# Activity:
When you copy from the entries that follow, take only the lines from the one with "Wieder an Bord" down to the one with "Ancient Central Malwa, Vidisha", keeping both ends and dropping every picture.

# Exercise data:
——————————
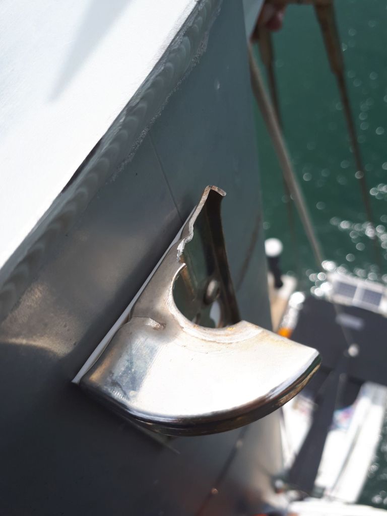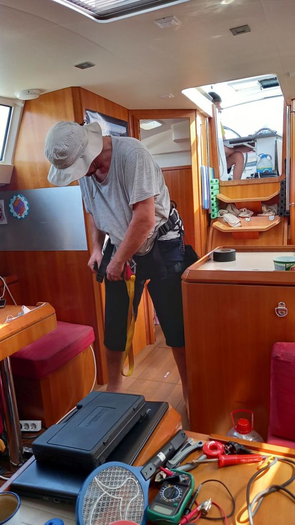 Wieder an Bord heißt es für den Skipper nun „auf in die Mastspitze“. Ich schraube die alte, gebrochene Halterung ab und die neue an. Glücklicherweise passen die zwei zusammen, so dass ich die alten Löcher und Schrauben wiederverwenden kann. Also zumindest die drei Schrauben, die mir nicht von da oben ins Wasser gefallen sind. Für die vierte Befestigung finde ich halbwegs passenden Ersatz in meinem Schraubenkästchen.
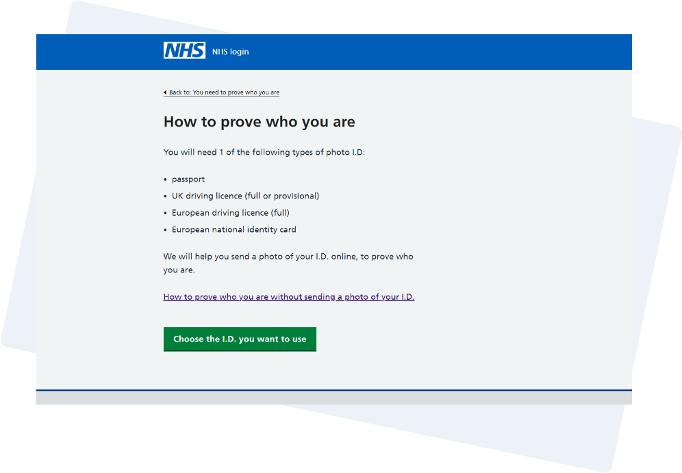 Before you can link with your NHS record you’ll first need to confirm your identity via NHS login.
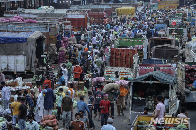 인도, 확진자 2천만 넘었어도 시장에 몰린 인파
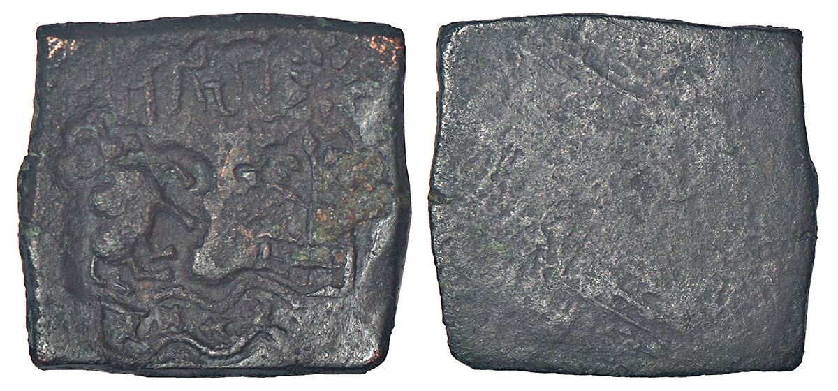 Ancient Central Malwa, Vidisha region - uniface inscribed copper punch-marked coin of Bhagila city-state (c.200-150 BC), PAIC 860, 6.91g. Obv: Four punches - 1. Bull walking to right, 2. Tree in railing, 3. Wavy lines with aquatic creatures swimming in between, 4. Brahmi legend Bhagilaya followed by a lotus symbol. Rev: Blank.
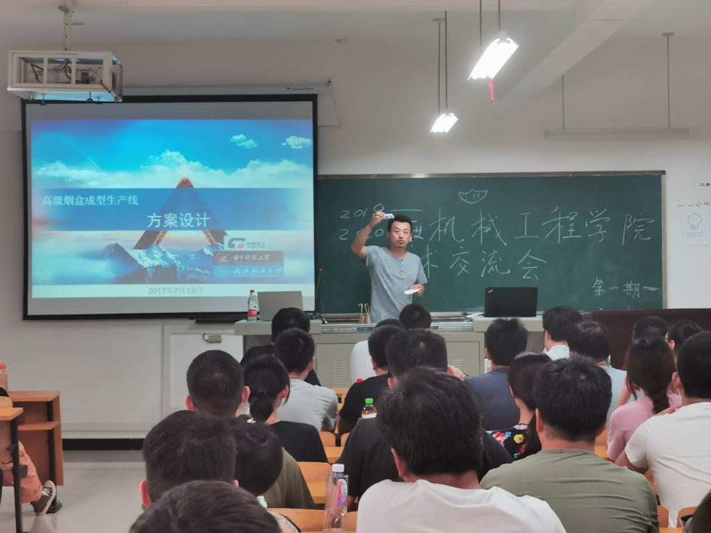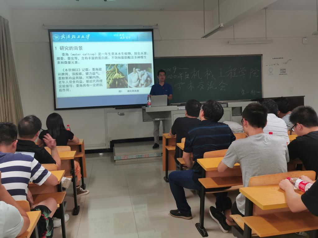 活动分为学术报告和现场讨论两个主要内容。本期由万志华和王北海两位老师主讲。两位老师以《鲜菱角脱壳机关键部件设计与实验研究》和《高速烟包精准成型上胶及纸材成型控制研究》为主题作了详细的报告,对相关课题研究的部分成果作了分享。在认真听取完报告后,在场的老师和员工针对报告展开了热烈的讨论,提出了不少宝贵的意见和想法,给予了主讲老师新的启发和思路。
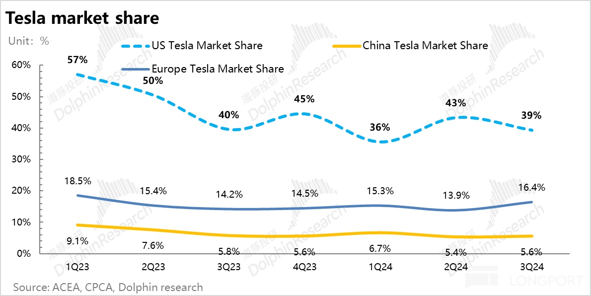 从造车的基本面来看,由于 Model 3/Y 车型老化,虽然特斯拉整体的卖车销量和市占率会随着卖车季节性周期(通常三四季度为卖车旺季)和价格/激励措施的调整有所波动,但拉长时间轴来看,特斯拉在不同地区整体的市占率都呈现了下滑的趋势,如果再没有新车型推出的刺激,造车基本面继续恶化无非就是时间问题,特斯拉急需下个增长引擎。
——————————
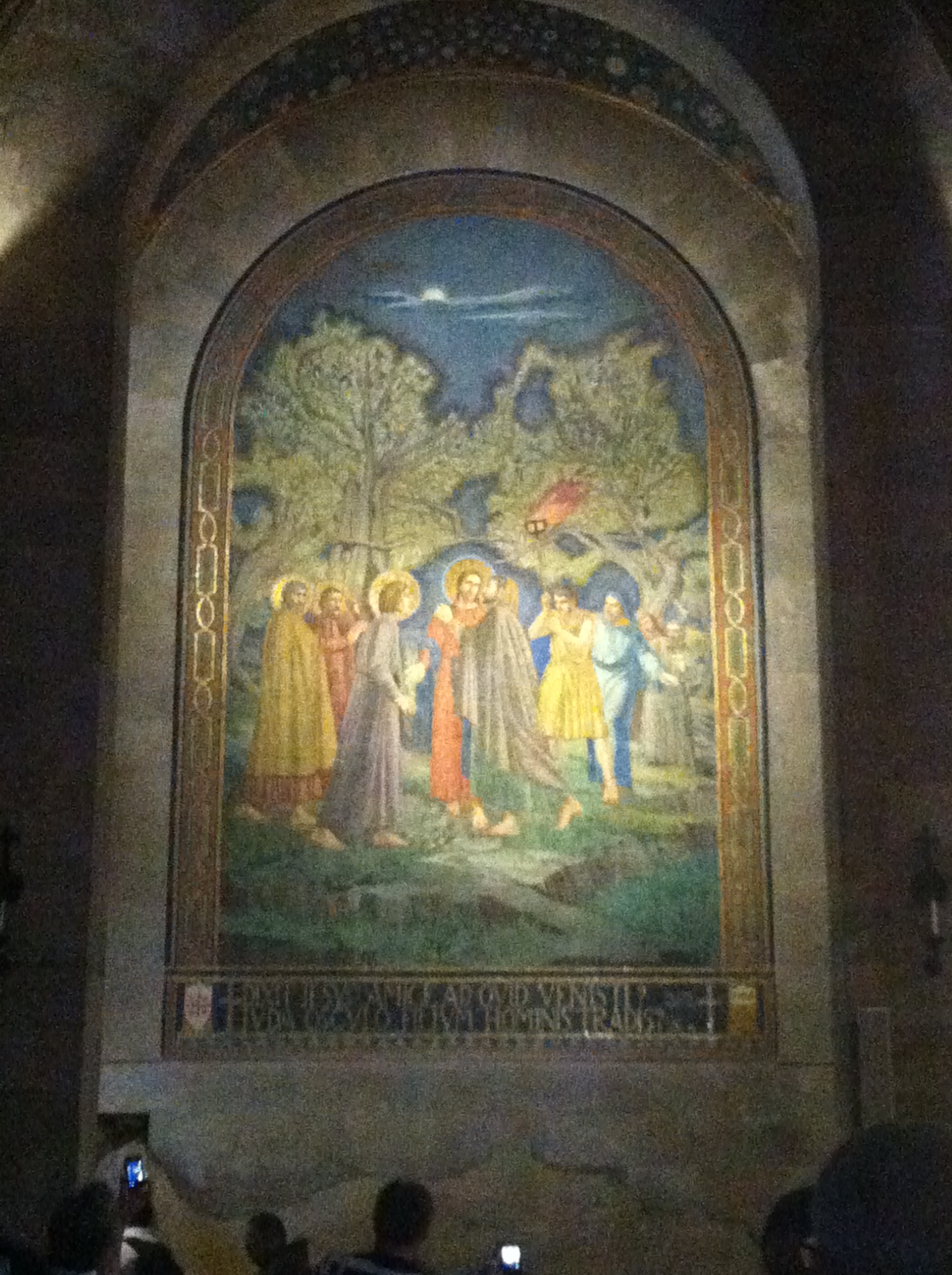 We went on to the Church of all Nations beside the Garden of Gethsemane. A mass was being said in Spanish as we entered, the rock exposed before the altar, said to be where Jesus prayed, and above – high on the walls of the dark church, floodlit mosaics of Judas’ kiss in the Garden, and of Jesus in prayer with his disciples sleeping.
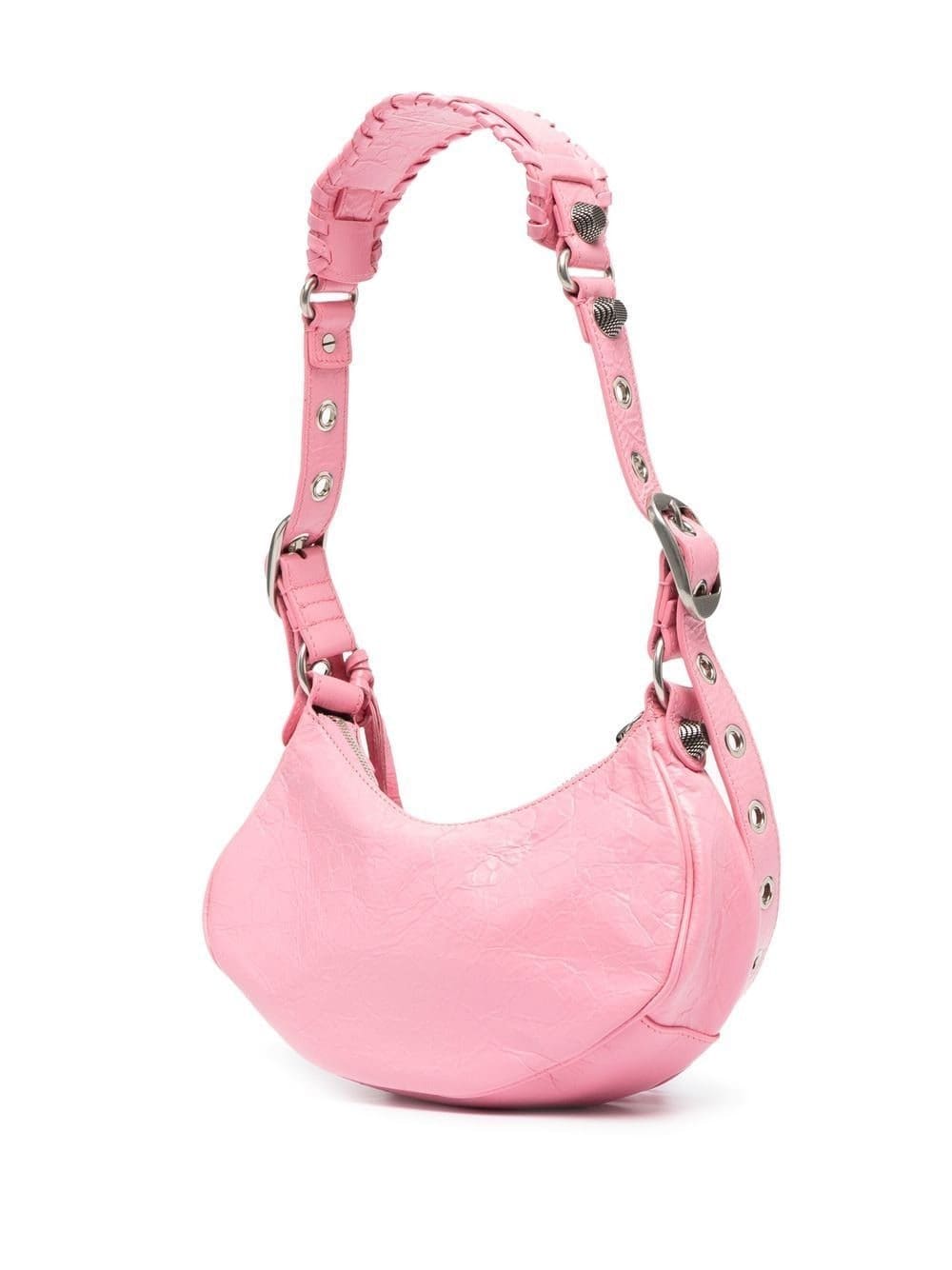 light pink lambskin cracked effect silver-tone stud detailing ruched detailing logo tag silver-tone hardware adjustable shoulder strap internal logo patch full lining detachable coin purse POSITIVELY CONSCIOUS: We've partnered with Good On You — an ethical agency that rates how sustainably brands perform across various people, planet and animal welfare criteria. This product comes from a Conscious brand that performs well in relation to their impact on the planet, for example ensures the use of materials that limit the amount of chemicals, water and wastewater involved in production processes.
——————————
# Expected answer:
 Wieder an Bord heißt es für den Skipper nun „auf in die Mastspitze“. Ich schraube die alte, gebrochene Halterung ab und die neue an. Glücklicherweise passen die zwei zusammen, so dass ich die alten Löcher und Schrauben wiederverwenden kann. Also zumindest die drei Schrauben, die mir nicht von da oben ins Wasser gefallen sind. Für die vierte Befestigung finde ich halbwegs passenden Ersatz in meinem Schraubenkästchen.
 Before you can link with your NHS record you’ll first need to confirm your identity via NHS login.
 인도, 확진자 2천만 넘었어도 시장에 몰린 인파
 Ancient Central Malwa, Vidisha region - uniface inscribed copper punch-marked coin of Bhagila city-state (c.200-150 BC), PAIC 860, 6.91g. Obv: Four punches - 1. Bull walking to right, 2. Tree in railing, 3. Wavy lines with aquatic creatures swimming in between, 4. Brahmi legend Bhagilaya followed by a lotus symbol. Rev: Blank.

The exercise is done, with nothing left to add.